Meanwhile, Russia, France and Germany secretly discussed how they might intervene to impose a Great Power settlement on Britain, or even exploit its vulnerability. In the New Year of 1900 Muraviev suggested79 that, while Britain was indisposed, Russia should get a foothold in Persia with a big loan and some well-applied pressure, and start making trouble on the North-West Frontier. Nicholas approved the plan. The Russians, however, accepted they had to be careful. The costs of running Manchuria had become crippling. The new “border” between Russian-occupied China and the rest and the railway lines required lots of soldiers to patrol them, and the single track of the great Trans-Siberian railway meant that moving men and goods to China was slow and expensive. The Chinese remained deeply unimpressed by dear and poorly made Russian goods, so money wasn’t coming in. The whole colonial project was becoming horribly expensive. Angering the British too much might be an even more costly mistake in the long run. The Russians restricted themselves to a large loan to the Persian government, and moved their troops up and down the Afghan border, which always alarmed the British. Wilhelm, meanwhile, offered to guard the frontier, should the Russians wish to attack Northern India.80 The Russians greeted the offer without enthusiasm; they regarded it as a provocation. Russo-German relations had not recovered since Germany had taken Kiaochow in late 1897, and had lurched uneasily along since, punctuated by the kaiser’s clumsy demands for attention from Nicholas and suggestions that they act together either against France or Britain. Bernhard von Bülow claimed to want to improve relations with Russia, but he had not been very effective in bringing the two emperors together. In 1899 he’d allowed a visit by the tsar to Potsdam—which Bülow had pestered the Russians for for months—to be entirely upstaged by the signing of the deal with Britain over Samoa. And Dona had deliberately insulted Alix by refusing to escort her to the railway station on the imperial couple’s departure.

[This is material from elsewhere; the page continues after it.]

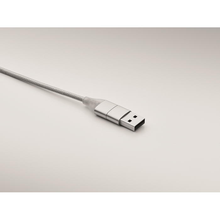 Cavetto di ricarica in alluminio con ingresso 2 in 1 di tipo C e tipo-A e micro B (presa 2 in 1), uscita tipo C e micro B. Lunghezza del cavetto: 120 cm.

Then in February 1900 Muraviev suggested that Russia, Germany and France combine to impose a diplomatic solution on the Boer War. Wilhelm now81 said that he must sound out London first—which persuaded the Russians even more emphatically that he was up to something. A few days later the kaiser wrote to Edward warning that “Sundry Peoples82 are quietly preparing to take liberties and foster intrigues and surprises in other parts of the world … Be on the look out! … Humbugs! Ware wolf!! We must both keep our weather eye open!”
Two weeks later he wrote, “My warnings83 have not been too soon. Yesterday evening I received a note from St. Petersburg in which Count Mouraview [sic] formally invites me to take part in a collective action with France and Russia against England for the enforcing of peace and the help of the Boers! I have declined … Sir Frank has been informed by me of this preposterous step in a very confidential manner.” The kaiser told Lascelles that Russia had made a large loan to Persia with an eye to getting an advantage over Britain there, and that if England went to war with France, “he would keep84 his bayonets fixed on the land side.”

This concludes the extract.